Under the Infrastructure Funding and Financing Act 2020 the council can charge residents in an area a targeted rate to pay for infrastructure for water services, transport, community facilities and the environment.
The council is now investigating whether it can use targeted rating in the area.
It follows a trial of such an approach in development in Milldale, north of the city. The development has been built using a "special purpose vehicle" headed by Auckland Council, Crown Infrastructure Partners and Fulton Hogan.
At Thursday's finance and performance committee meeting, the council's head of infrastructure funding and development strategy, Fiona Wright, said a targeted rate in Drury had the potential to net "hundreds of millions of dollars".
But both the Government and council would need to make decisions before the exact numbers could be determined.
Mayor Phil Goff said the private plan changes would still require the developers to come to the party with an "affordable and attractive" offer to make it work.
But Manurewa-Papakura ward councillor Daniel Newman said such a model will ensure the developers make a profit, while the costs are passed on to ratepayers.

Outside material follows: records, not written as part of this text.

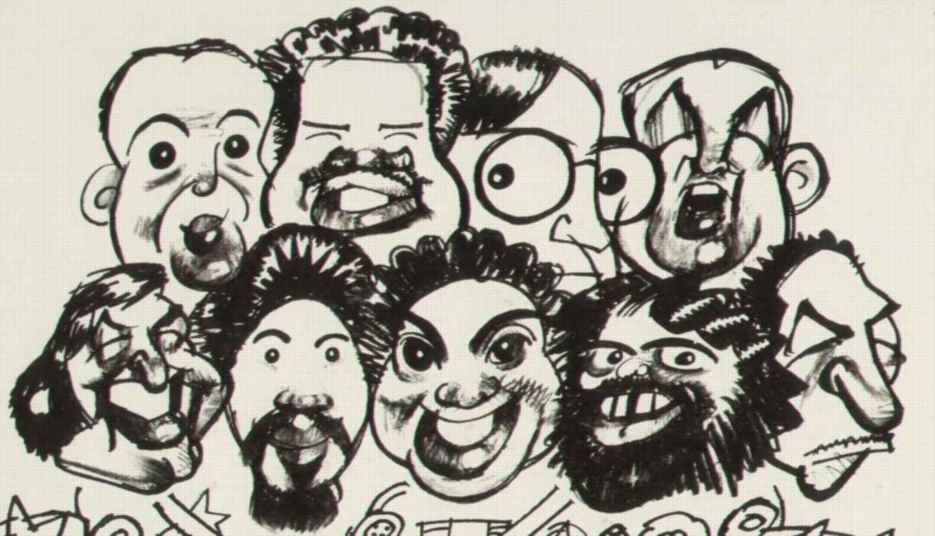 En la fila superior y de izq. a der.: Al Santiago, Kako, Barry Rogers, Dioris Valladares. Segunda fila y en el mismo orden: yayo "El Indio", Johnny Pacheco, Cheo Feliciano, Charlie Palmieri y Chombo Silva Arte y diseño de Sandy Hoffman Cortesía de David Cantrell
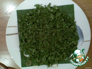 Зелень помыть и нарезать (так как у меня не нашлось листьев салата, я их заменила укропом с петрушкой. Но лучше делать всё-таки с листьями салата, получится намного нежнее)
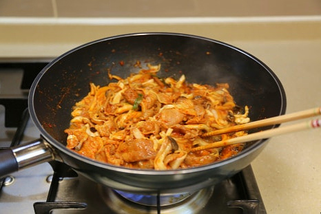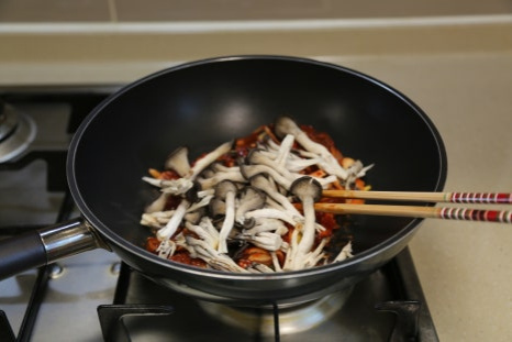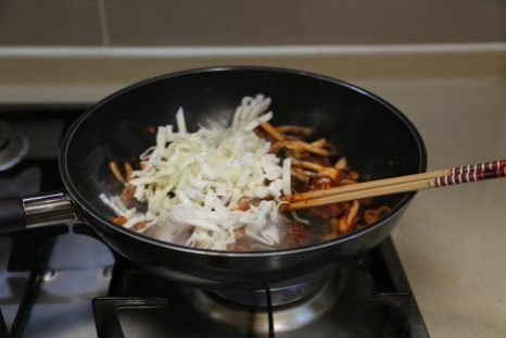식용유 4스푼, 양념한 돼지고기 300g, 느타리버섯 50g, 양배추 1/8통
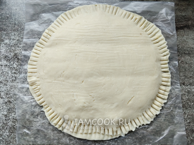 Лепешку достать из морозилки, снять пленку, распределить начинку.
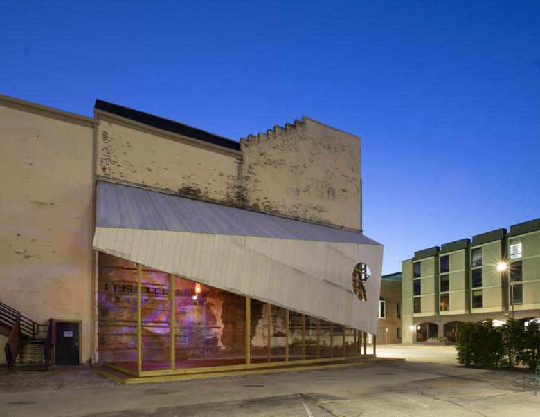 The phrase “yes, and” comes from improv theater and is defined by the Exhibit Columbus curators as “a technique for affirming and building upon an idea to create a shared narrative.” When applied to architecture, the phrase can signal an embrace of existing buildings and finding creative ways to extend their usefulness into the future. Such an approach is evident in Accessing Nostalgia, the multifaceted installation at the Crump Theatre designed by Adaptive Operations, the Chicago studio founded by Charlie Vinz in 2013 that focuses on “the adaptive reuse, renovation, and research of existing structures.” Accessing Nostalgia is one of four recipients of the J. Irwin and Xenia S. Miller Prize, named for the patrons who turned Columbus, Indiana into a destination for fans of modern architecture and design.
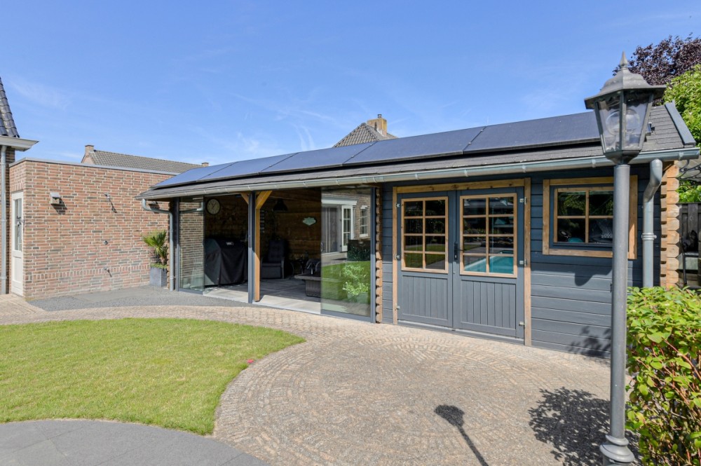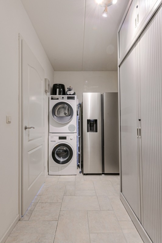 Inpandig te bereiken bijkeuken met opstelplaats was apparatuur en voorts riante dubbele garage van 36m² welke is voorzien van een dubbele elektrisch bedienbare garagedeur, technische ruimte zwembad en loopdeur welke toegang geeft tot de tuin. Tevens is er een laadpunt voor de elektrische auto aanwezig.
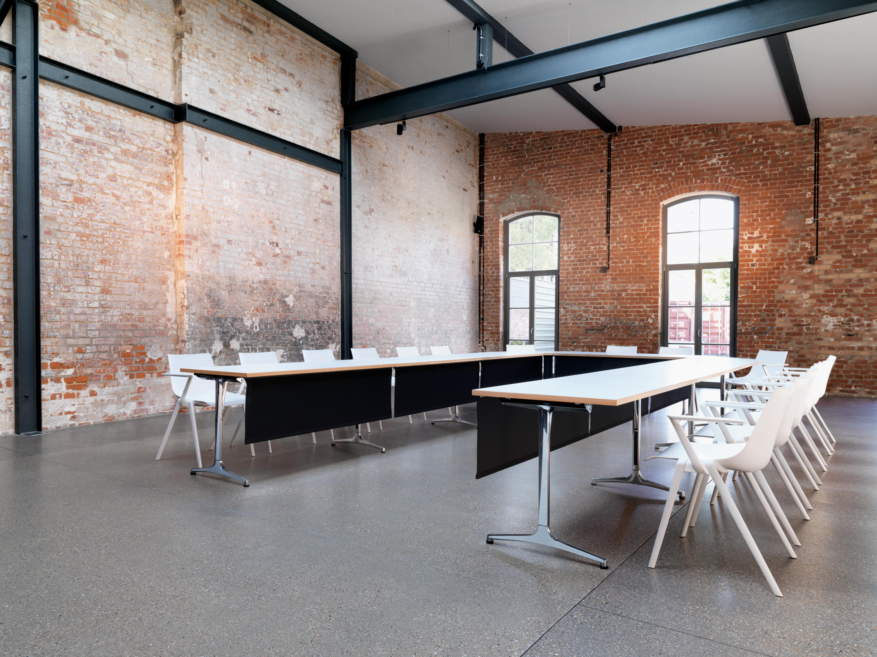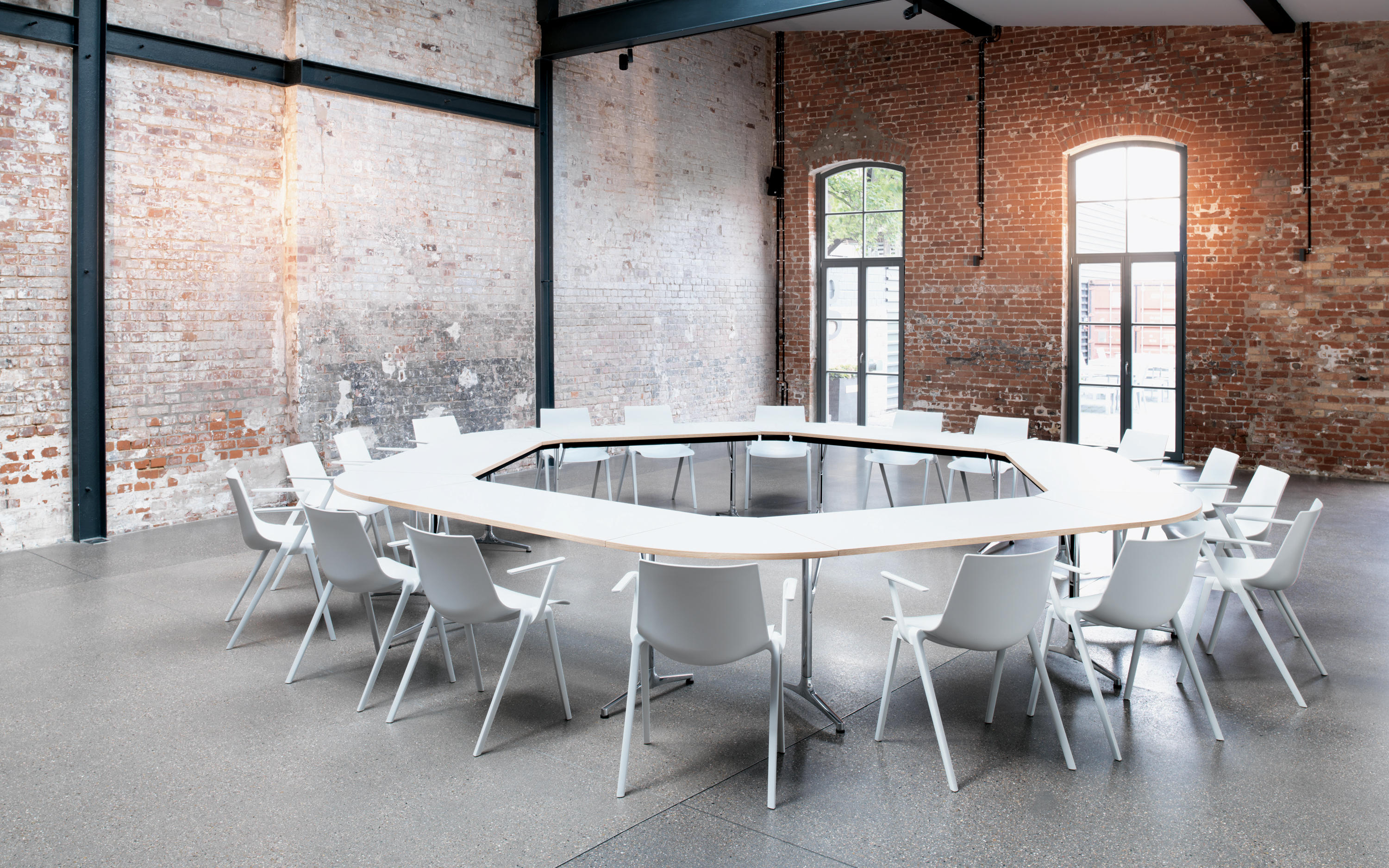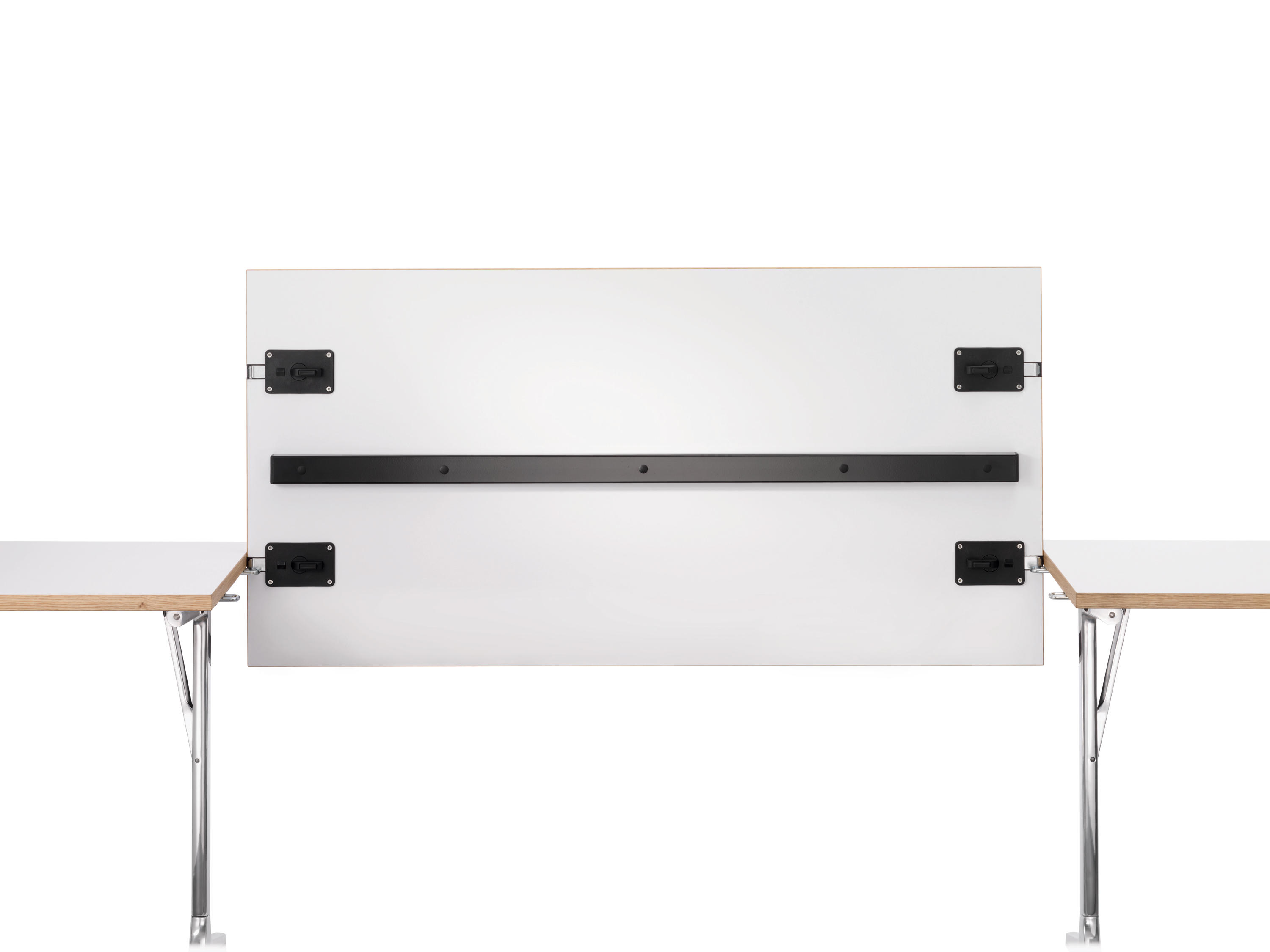 折叠桌的设计是为了给储存空间提供灵活的解决方案。在处理储存方面上,其设计的品种和质量对设备管理成本的影响受到了用户的赞赏。这就是mAx迷人的地方。设计精巧的折叠桌可以被紧凑的堆放,而且只需要一只手就能进行折叠。时尚的T型脚的材料和工艺保证了桌子的坚固耐用。
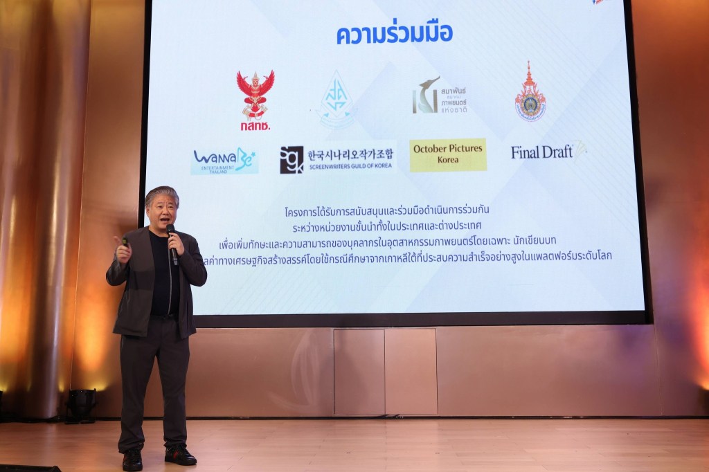 ด้าน คุณพรชัย ว่องศรีอุดมพร เลขาธิการสมาพันธ์สมาคมภาพยนตร์แห่งชาติ กล่าวว่า โครงการนี้สอดคล้องกับนโยบายภาครัฐที่สนับสนุนอุตสาหกรรมภาพยนตร์และซีรีส์ไทย ผ่านการลงทุนด้าน Research, Development และ Training ซึ่งถือเป็นรากฐานสำคัญในการสร้างบุคลากรรุ่นใหม่ และต่อยอดศักยภาพนักเขียนในอุตสาหกรรมเดิมให้มีมุมมองที่หลากหลายและร่วมสมัยมากยิ่งขึ้น การถ่ายทอดองค์ความรู้จากผู้เชี่ยวชาญต่างประเทศจะช่วยให้คอนเทนต์ไทยมีคุณภาพ แข็งแรง และสามารถสื่อสารกับตลาดโลกได้อย่างมีประสิทธิภาพ
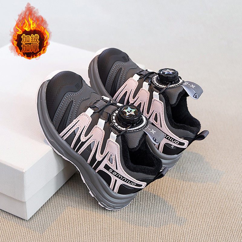 巴布豆儿童运动鞋女童2025新款秋季女孩软底旋转纽扣鞋子保暖二棉
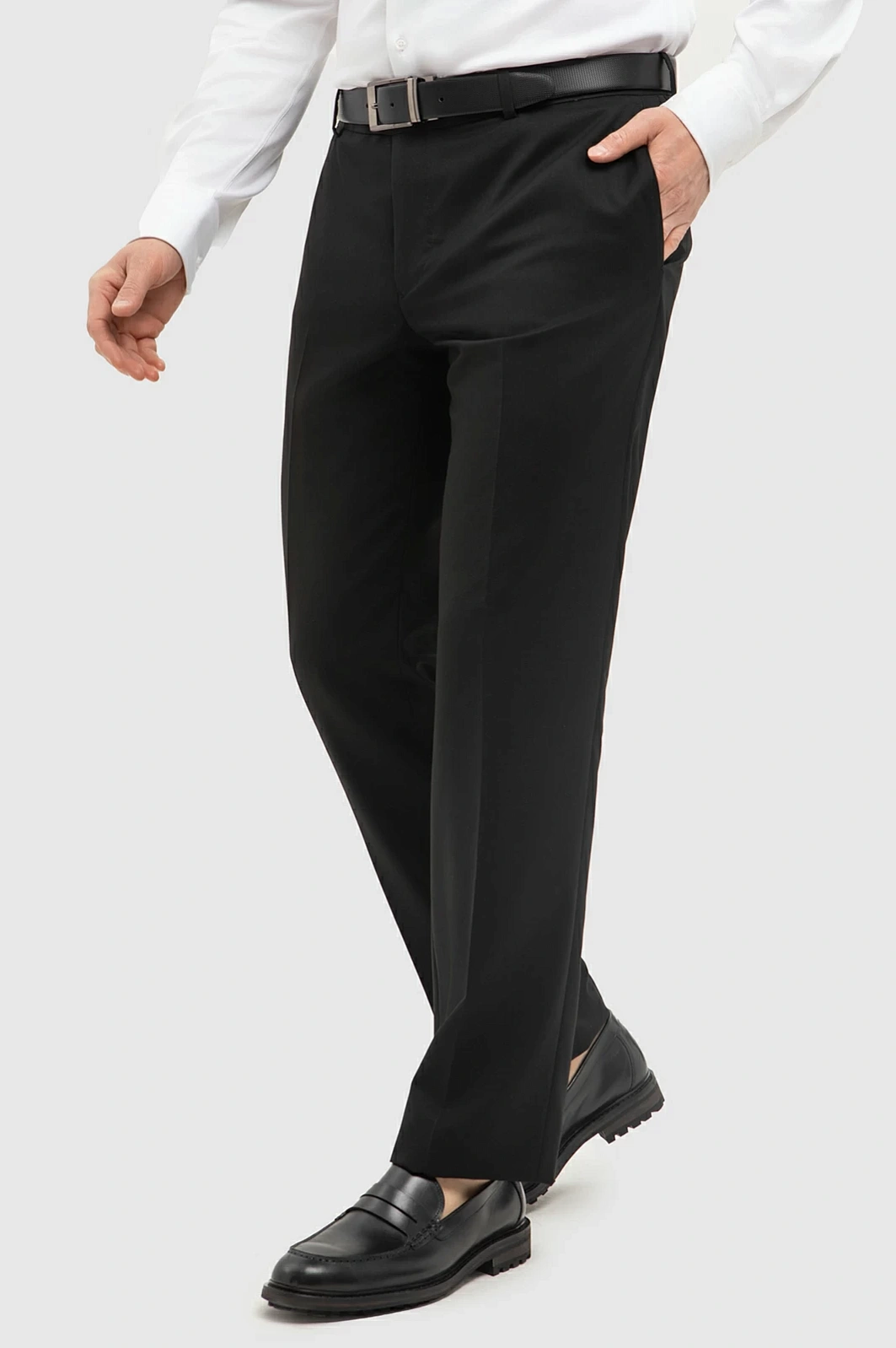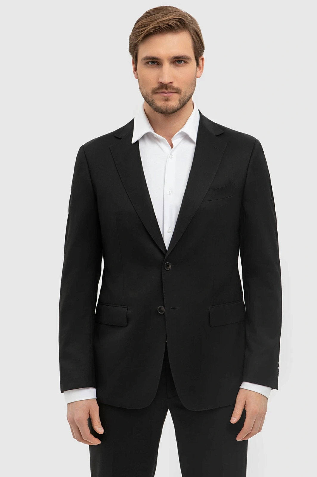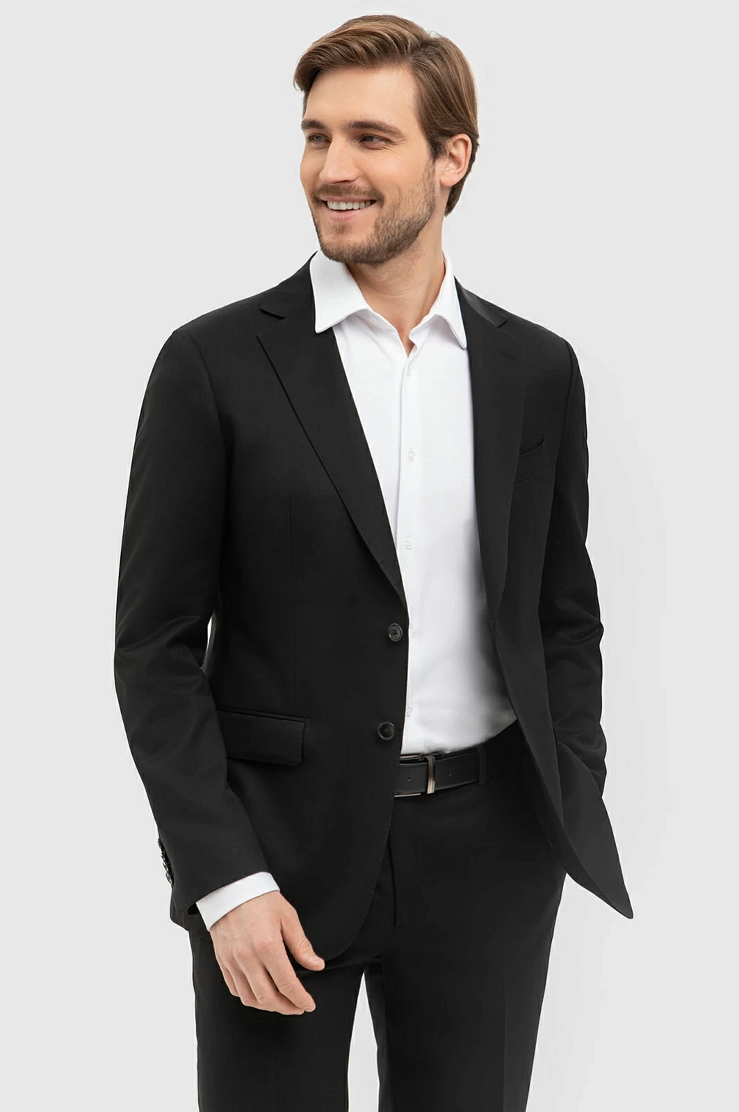 Черный однотонный костюм воплощает элегантность и идеально подходит для деловой встречи и торжественного вечернего мероприятия. Сочетание выверенного кроя и натуральной ткани, усиленной прочным синтетическим волокном, делает пиджак с узкими лацканами и брюки со стрелками максимально комфортными. Высококачественный материал на основе премиальной шерсти мериноса Супер 120S тактильно приятен и долговечен, а подкладка из вискозы добавляет еще больше комфорта в носке. Пиджак великолепно садится по фигуре, сохраняя четкость линий кроя и придавая уверенности в любой ситуации. Приталенный силуэт очерчивает фигуру, а английский воротник и гладкая фактура ткани с матовым финишем придают костюму аристократическую изысканность. Прямые брюки со стрелками завершат образ, подчеркивая вашу безупречность в каждом движении. Пиджак застегивается на пуговицы. Этот костюм станет вашим верным спутником, подчеркивая безупречный вкус и уверенность в себе, независимо от повода.
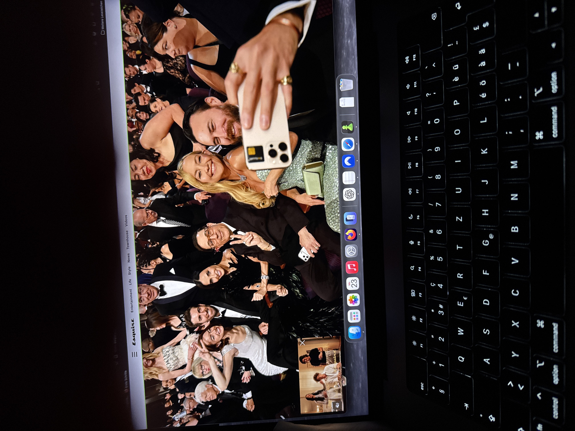 The image captures a MacBook laptop in a dimly lit indoor setting, located in Willisau, Switzerland. The laptop screen displays the "Esquire" magazine website, featuring a prominent photograph of multiple well-dressed celebrities at a formal event, likely an awards ceremony or gala. In the celebrity photograph, notable figures include Kate Hudson and Danny Fujikawa taking a selfie with a light-colored iPhone 15 Pro Max, as well as Demi Moore, Zachary Levi, and Timothy Olyphant (making a peace sign while holding a phone) smiling and interacting. The individuals are seated in rows of dark, possibly purple, upholstered chairs. A small picture-in-picture video window is active in the lower-left of the screen, showing three young individuals. Below the main content, the macOS dock is visible, displaying application icons and the date "Mo 23". The laptop's QWERTZ keyboard is illuminated with white backlighting against black keys, indicating an active display in a low-light environment.
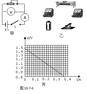 例1. 某同学采用如图10-7-6甲所示的电路测定电源电动势和内电阻。已知干电池的电动势约为1.5V,内阻约为1Ω;电压表(0-3V,3kΩ)、电流表(0-0.6A,1.0Ω)、滑动变阻器有R1(10Ω,2A)和R2(100Ω,0.1A)各一只.
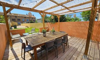 - You will have access to a 30m² wooden terrace equipped with garden furniture and a large table (seating 12); All in the shade under a wooden structure (photos to come)
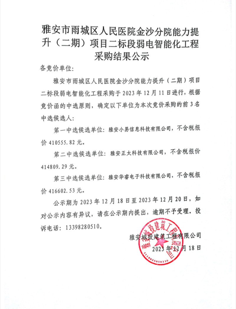 雅安市雨城區(qū)人民醫(yī)院金沙分院能力提升(二期)項(xiàng)目二標(biāo)段弱電智能化工程采購(gòu)結(jié)果公示

"There's always a debate about what the developers are willing to contribute to future growth, but then there's a shortfall between what they say and what they actually deliver in terms of capital," he said.
Fulton Hogan land development chief executive Graeme Causer disagreed with Newman's comments.
"You can't just keep charging the developers," Causer said. "There's got to be a bit of a reality check here."
He said the company will pay development contributions in Drury and will also contribute to other works in the area.
The company would also be willing to sign up to a funding agreement if it is underwritten by the council and Crown, but not all of the companies involved in the development would be as keen, he said.
"The key thing for us in Drury is we are trying to provide housing, and Auckland needs more housing."
Causer said the area has already been earmarked as a future growth area and the council shouldn't stand in the way of progress.
Kiwi Property, Oyster Capital and Fulton Hogan have all now filed fast-track applications under the Covid-19 Recovery (Fast-track Consenting) Act 2020.